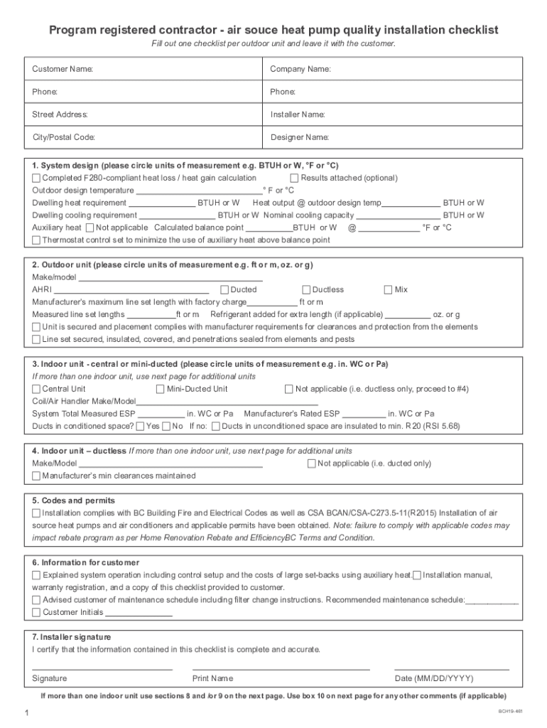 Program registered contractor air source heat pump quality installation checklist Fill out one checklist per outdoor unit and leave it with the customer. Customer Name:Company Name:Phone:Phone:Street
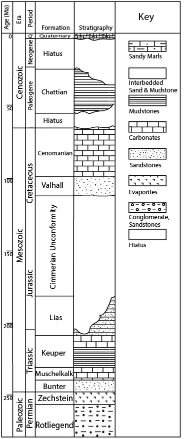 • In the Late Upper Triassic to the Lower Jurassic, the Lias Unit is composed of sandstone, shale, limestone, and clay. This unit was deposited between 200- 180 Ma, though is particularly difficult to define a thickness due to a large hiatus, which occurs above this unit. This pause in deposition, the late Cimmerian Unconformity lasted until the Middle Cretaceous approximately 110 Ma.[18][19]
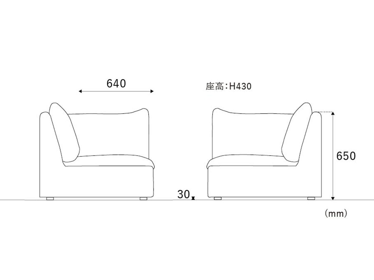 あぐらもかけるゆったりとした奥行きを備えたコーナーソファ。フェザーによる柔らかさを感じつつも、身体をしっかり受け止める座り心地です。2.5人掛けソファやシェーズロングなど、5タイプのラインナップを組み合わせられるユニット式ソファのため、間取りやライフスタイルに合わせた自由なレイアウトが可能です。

- - -

• [YOUR OBJECTIVE] Apart from the images, please copy every line of the data exactly as written.

• [WRITTEN ANSWER]
 Program registered contractor air source heat pump quality installation checklist Fill out one checklist per outdoor unit and leave it with the customer. Customer Name:Company Name:Phone:Phone:Street
 • In the Late Upper Triassic to the Lower Jurassic, the Lias Unit is composed of sandstone, shale, limestone, and clay. This unit was deposited between 200- 180 Ma, though is particularly difficult to define a thickness due to a large hiatus, which occurs above this unit. This pause in deposition, the late Cimmerian Unconformity lasted until the Middle Cretaceous approximately 110 Ma.[18][19]
 あぐらもかけるゆったりとした奥行きを備えたコーナーソファ。フェザーによる柔らかさを感じつつも、身体をしっかり受け止める座り心地です。2.5人掛けソファやシェーズロングなど、5タイプのラインナップを組み合わせられるユニット式ソファのため、間取りやライフスタイルに合わせた自由なレイアウトが可能です。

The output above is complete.